TASK DETAILS
Word for word, reproduce all entries below, leaving every picture out.

RECORDS FOR THIS TASK
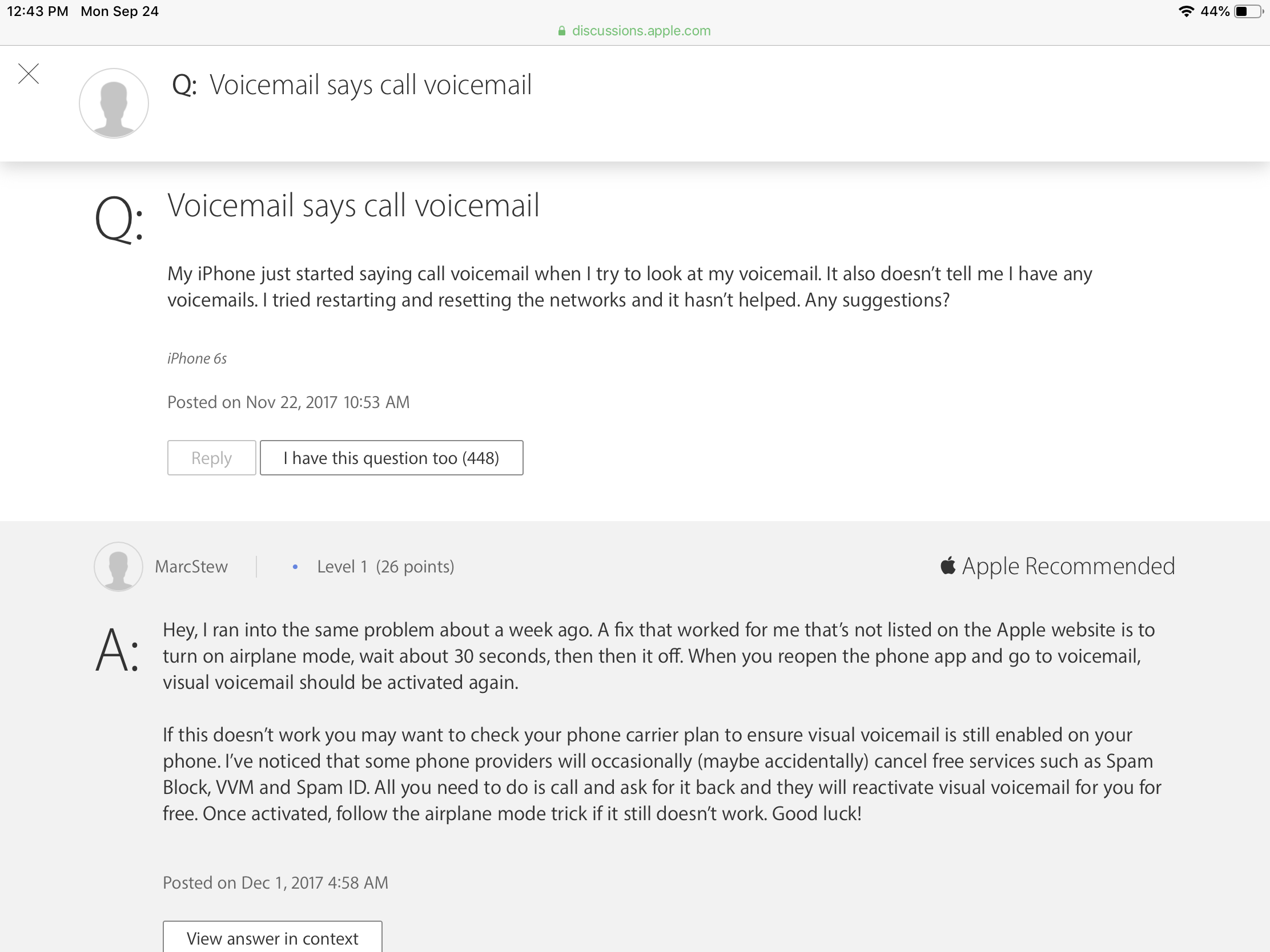 The rep at TMobile was unable to fix as he was a Droid guy.
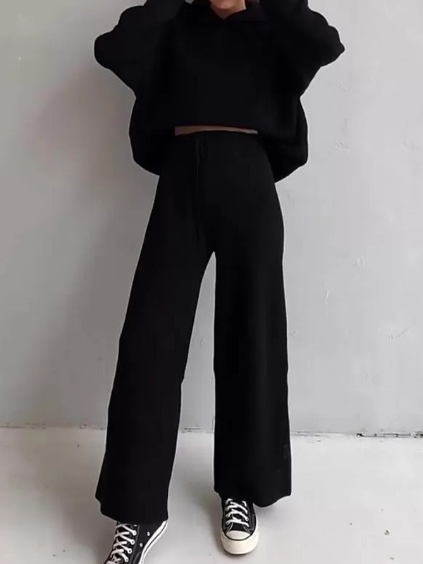 Solid Oversized Hoodie&Drawstring Wide Leg Pants Set
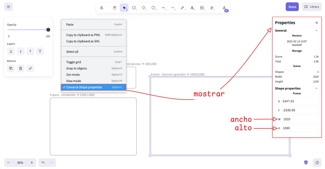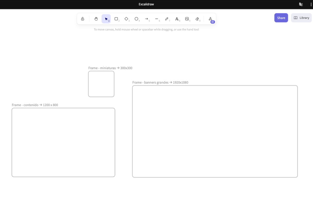 Existen diversas herramientas para crear imágenes con resoluciones específicas, y en mi caso, una de las que más me resulta útil es el uso de los marcos (frames) de Excalidraw.
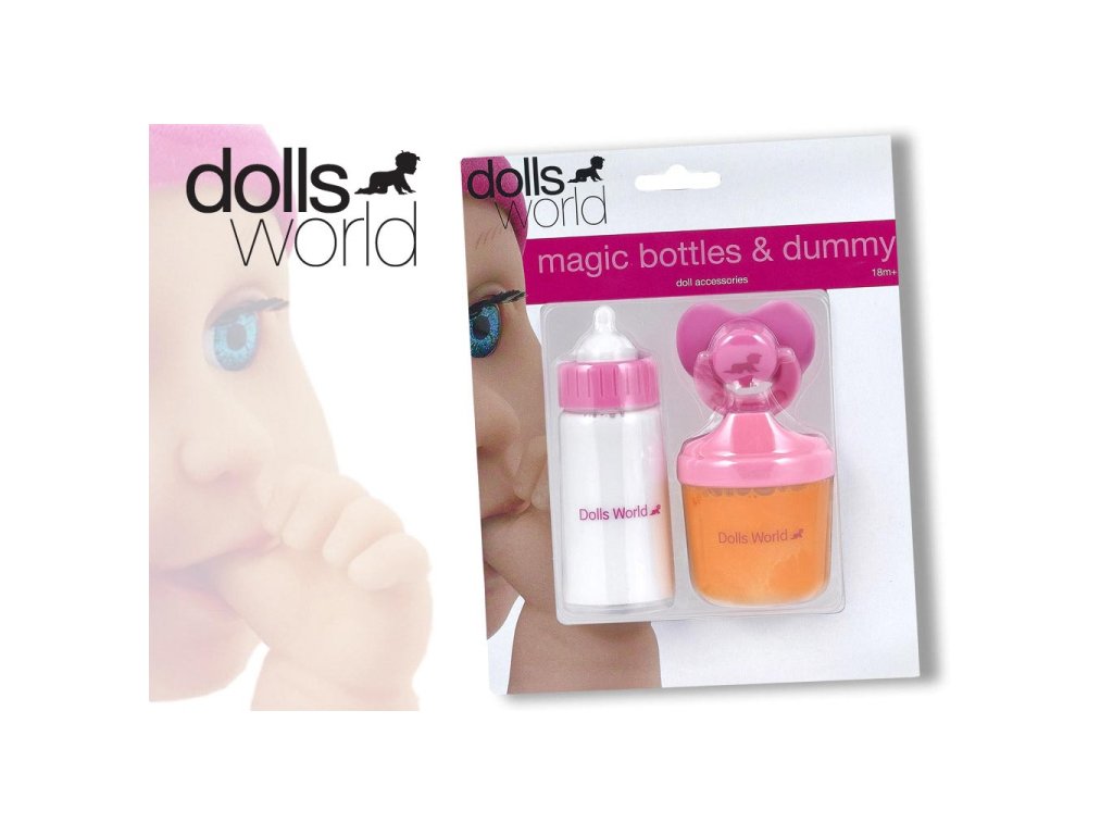 Dolls World - Sada - láhev mléka, láhev šťávy a dudlík
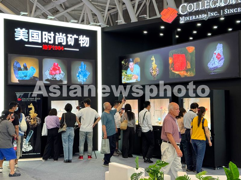 2025年5月15日,南京矿博会现场,美国时尚矿物展台吸引观众。

EXERCISE SOLUTION
 The rep at TMobile was unable to fix as he was a Droid guy.
 Solid Oversized Hoodie&Drawstring Wide Leg Pants Set
 Existen diversas herramientas para crear imágenes con resoluciones específicas, y en mi caso, una de las que más me resulta útil es el uso de los marcos (frames) de Excalidraw.
 Dolls World - Sada - láhev mléka, láhev šťávy a dudlík
 2025年5月15日,南京矿博会现场,美国时尚矿物展台吸引观众。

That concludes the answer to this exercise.